§ Requirement: Please give back every entry in full, word for word, but none of the pictures.
___ Record set ___
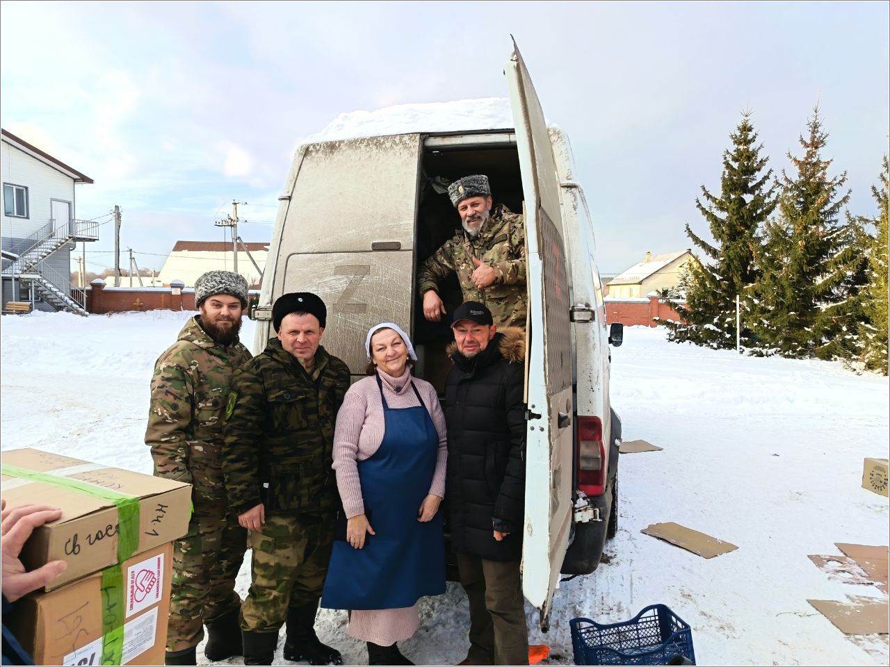 В декабре социальный отдел Закамского благочиния отправил, в Курскую область, в военные госпитали, на гуманитарный склад города Лисичанска и в зону боевых действий последний гуманитарный груз в этом году, который традиционно доставили казаки во главе с атаманом Боровецкого хутора Волжского казачьего войска сотником Михаилом Рыловым.
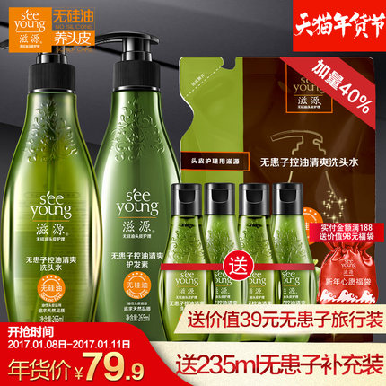 滋源 无患子 控油清爽 洗护套装含有无患子提取物、现天猫旗舰店售价79.9元,可叠加20元优惠券,折后实付59.9元包邮,包含洗发水265ml+235ml+60ml+护发素265ml+60ml+60ml,赠的补充装成分跟瓶装没有区别,这样一套组合超市里肯定百元以上。
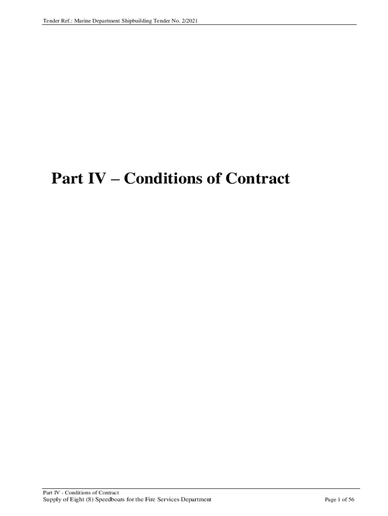 Tender Ref.: Marine Department Shipbuilding Tender No. 2/2021Part IV Conditions of ContractPart IV Conditions of ContractSupply of Eight (8) Speedboats for the Fire Services DepartmentPage 1 of 56Tender
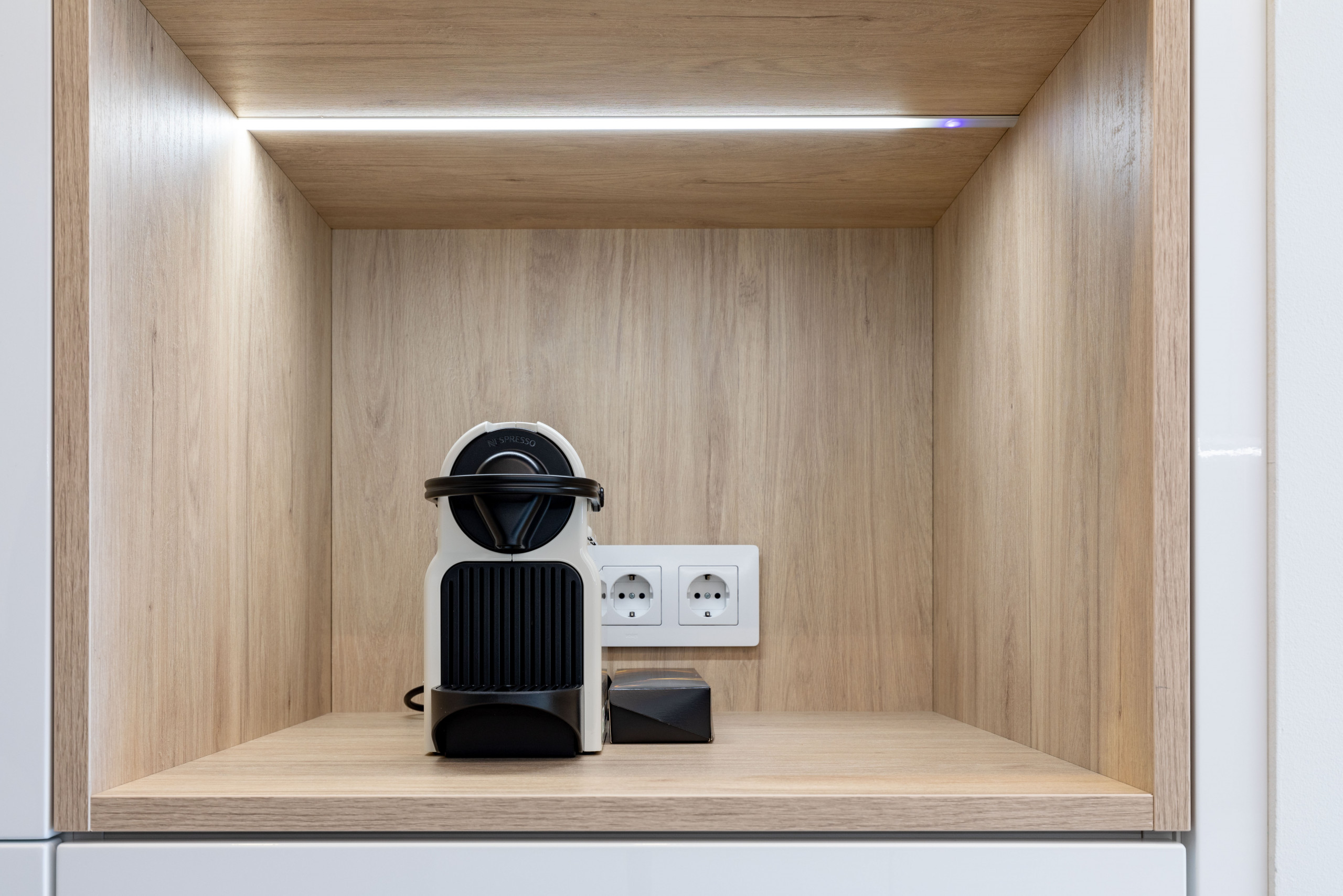 - Cocina abierta al salón totalmente equipada con pequeños electrodomésticos (cafetera dolçe gusto, tostador, exprimidor, hervidor de agua y batidora).
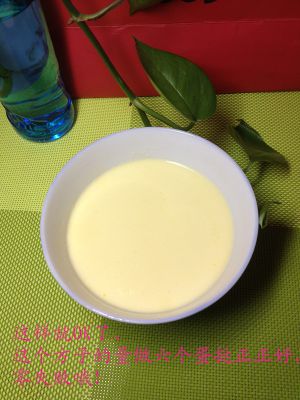 取两个蛋黄打散,用勺子一挑就出来了很省事,另外取一个碗,放牛奶,白糖,炼乳,搅一下,放微波炉里叮两分钟至糖和炼乳融化,把融化好的液体倒入蛋黄液中搅拌融合,用筛子过滤下浮沫
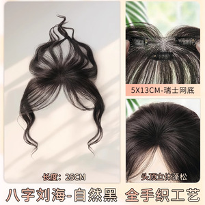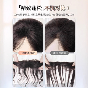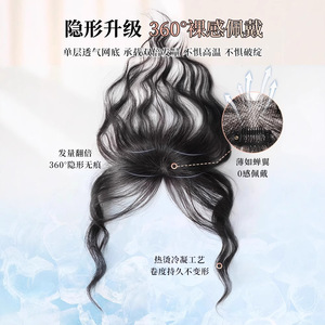 女性用前髪ウィッグ、自然な高頭頂部、ふわふわの本物の髪、ウェーブのかかった巻き毛、目に見えない胎児の毛の前髪、薄いヘアラインステッカー
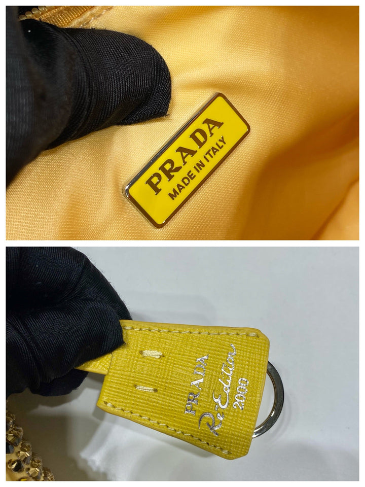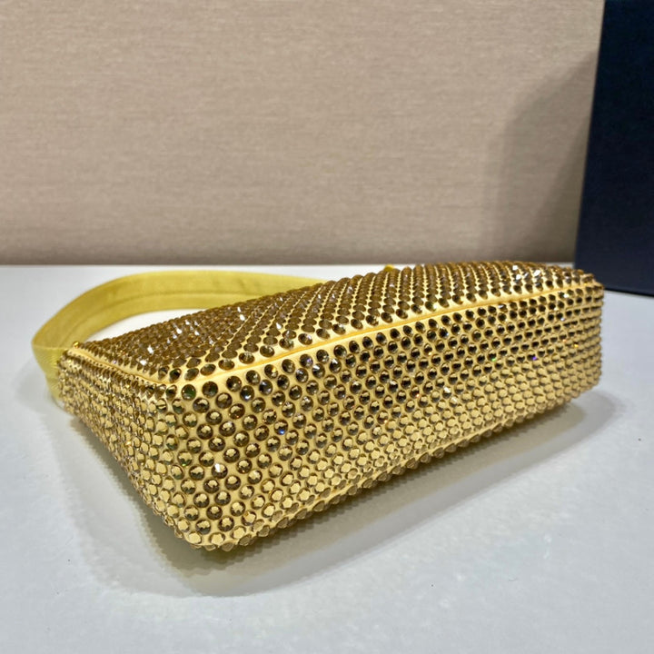 SPARKLING HOBO BAG 23 IN YELLOW NYLON ATTACHED FULLY CRYSTALS
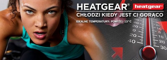 HeatGear® to lekka techniczna tkanina, która chłodzi i osusza ciało podczas uprawiania sportu. Transportuje pot z powierzchni ciała na zewnątrz tkaniny i przyspiesza jego odparowywanie. W rezultacie optymalizuje temperaturę ciała i utrzymuje je w świetnej kondycji podczas ćwiczeń, treningu czy sportowej rywalizacji.
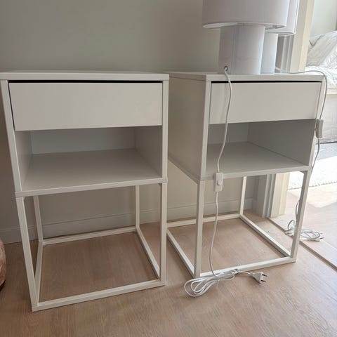 Säljer 2st Vikhammer nattduksbord / sängbord vita.
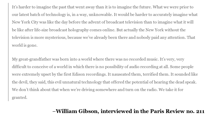 As usual, William Gibson explains my vague unease about life far more eloquently than I can.https://twitter.com/xor/status/1099734488748306432?s=21 …
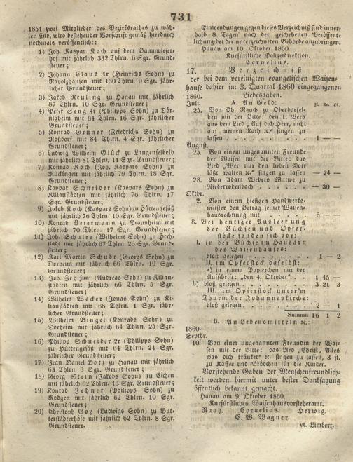 Wochenblatt für die Provinz Hanau. 1851-1866
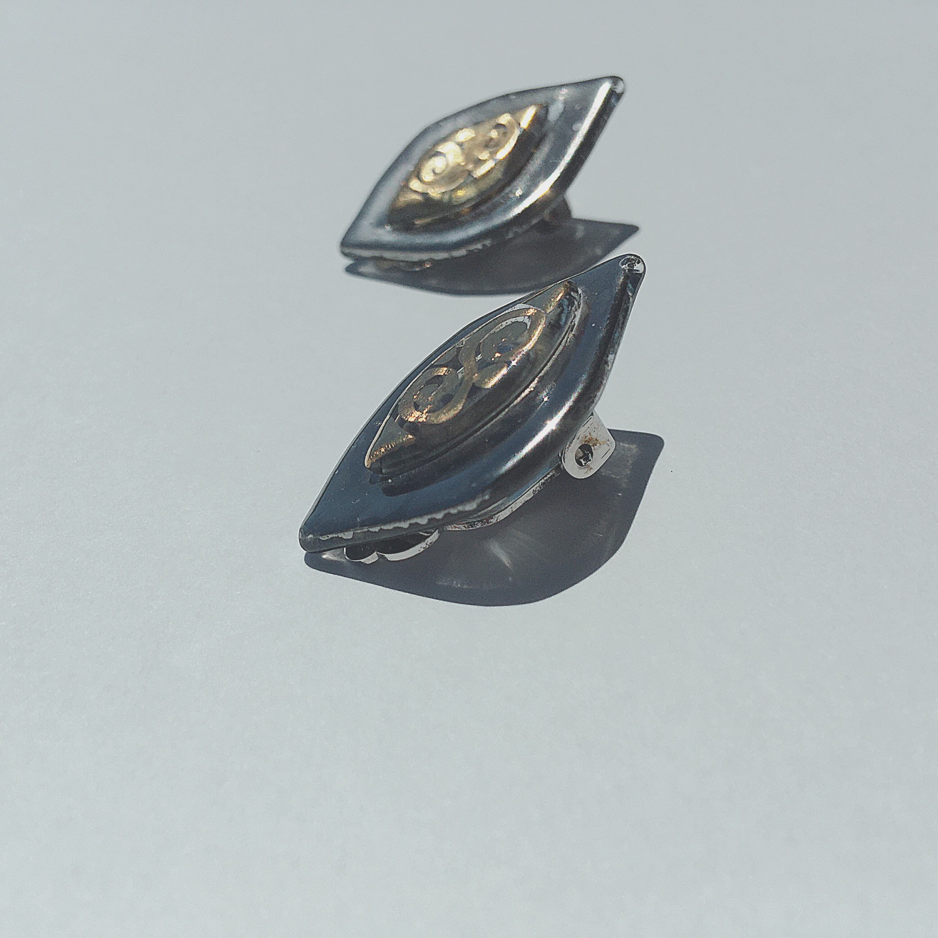 Vintage silver tone clear glass gold paint earrings ヴィンテージ シルバー クリア ガラス ゴールド ペイント イヤリング b324 | OBAKEPEACH
___
§ Written reply:
 В декабре социальный отдел Закамского благочиния отправил, в Курскую область, в военные госпитали, на гуманитарный склад города Лисичанска и в зону боевых действий последний гуманитарный груз в этом году, который традиционно доставили казаки во главе с атаманом Боровецкого хутора Волжского казачьего войска сотником Михаилом Рыловым.
 滋源 无患子 控油清爽 洗护套装含有无患子提取物、现天猫旗舰店售价79.9元,可叠加20元优惠券,折后实付59.9元包邮,包含洗发水265ml+235ml+60ml+护发素265ml+60ml+60ml,赠的补充装成分跟瓶装没有区别,这样一套组合超市里肯定百元以上。
 Tender Ref.: Marine Department Shipbuilding Tender No. 2/2021Part IV Conditions of ContractPart IV Conditions of ContractSupply of Eight (8) Speedboats for the Fire Services DepartmentPage 1 of 56Tender
 - Cocina abierta al salón totalmente equipada con pequeños electrodomésticos (cafetera dolçe gusto, tostador, exprimidor, hervidor de agua y batidora).
 取两个蛋黄打散,用勺子一挑就出来了很省事,另外取一个碗,放牛奶,白糖,炼乳,搅一下,放微波炉里叮两分钟至糖和炼乳融化,把融化好的液体倒入蛋黄液中搅拌融合,用筛子过滤下浮沫
 女性用前髪ウィッグ、自然な高頭頂部、ふわふわの本物の髪、ウェーブのかかった巻き毛、目に見えない胎児の毛の前髪、薄いヘアラインステッカー
 SPARKLING HOBO BAG 23 IN YELLOW NYLON ATTACHED FULLY CRYSTALS
 HeatGear® to lekka techniczna tkanina, która chłodzi i osusza ciało podczas uprawiania sportu. Transportuje pot z powierzchni ciała na zewnątrz tkaniny i przyspiesza jego odparowywanie. W rezultacie optymalizuje temperaturę ciała i utrzymuje je w świetnej kondycji podczas ćwiczeń, treningu czy sportowej rywalizacji.
 Säljer 2st Vikhammer nattduksbord / sängbord vita.
 As usual, William Gibson explains my vague unease about life far more eloquently than I can.https://twitter.com/xor/status/1099734488748306432?s=21 …
 Wochenblatt für die Provinz Hanau. 1851-1866
 Vintage silver tone clear glass gold paint earrings ヴィンテージ シルバー クリア ガラス ゴールド ペイント イヤリング b324 | OBAKEPEACH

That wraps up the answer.